# TVGuide.co.uk app adds Virgin Remote Record



## Paul Webster (Nov 16, 2003)

Update appeared today to the http://www.TVGuide.co.uk/ app.
One of the reported new features is remote setting of record requests.


----------



## beara (Aug 23, 2002)

Anybody know how to select which TiVo it sends the request to? We've got three and at the moment it's going to the bedroom one rather than the main room.

Sent from my iPad using Forum Runner


----------



## beeswax (Jun 2, 2011)

I don't see anywhere in the app where you can configure that, it seems you have to rely completely on auto discovery and that the app developers didn't consider multiple TiVo households.

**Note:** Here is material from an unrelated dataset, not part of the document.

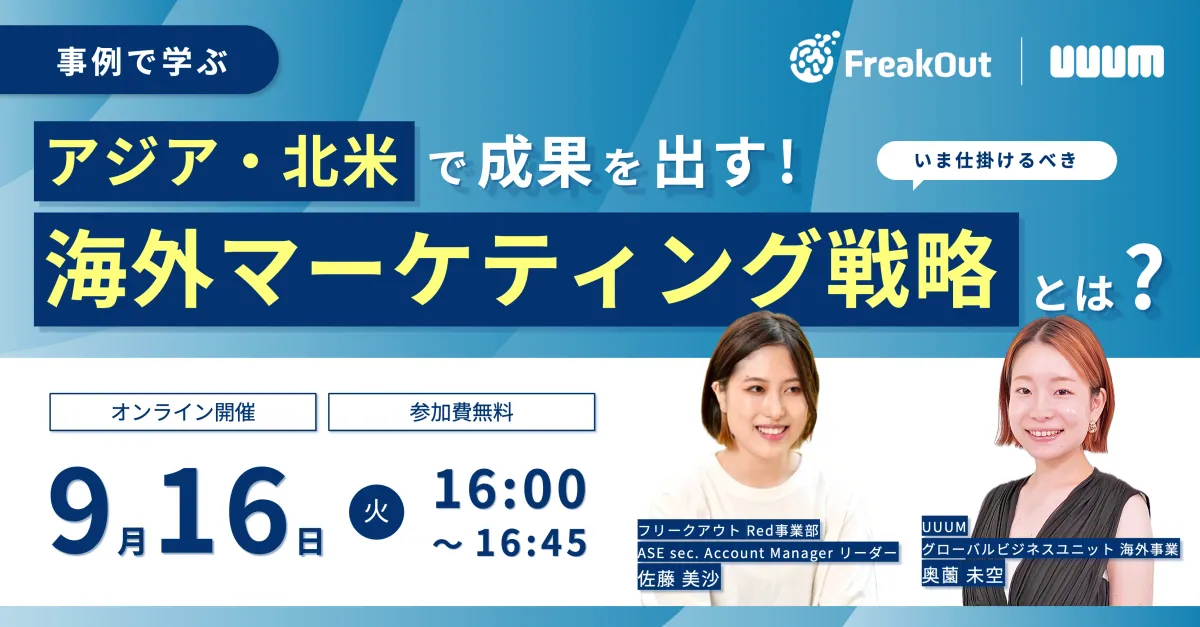 近年、インバウンド需要の増加に伴い、多くの企業が国内市場だけでなく、海外市場に目を向けるようになっています。日本のブランドや商品が世界に通用するためには、その国々の特性を考えたマーケティング戦略が不可欠です。そんな中、UUUM株式会社とフリークアウトが主催するウェビナー「【事例で学ぶ】アジア・北米で成果を出す!いま仕掛けるべき海外マーケティング戦略とは?」が2025年9月16日にオンラインで開催されます。このウェビナーでは、アジアや北米で実際に成功したマーケティング施策の具体例を通じて、効果的な戦略や施策の設計方法について学ぶことができます。

The only suggestion I can make is to uninstall the app thus deleting the current cached details for which TiVo it's connected to, disconnect all but the TiVo you want it to connect to from the network then reinstall the app and let it find your main box. After that, you should be able to reconnect the other two and it'll keep talking to your primary box.


----------



## Tony Hoyle (Apr 1, 2002)

There must be somewhere to put your MAK, so presumably you can put the IP/Name of the Tivo there.

Edit: It's not even doing that.. looks like it logs into the VM website and does it there - which means it'll record on all registered tivos like the website does. Bah.. was hoping for something with more control.


----------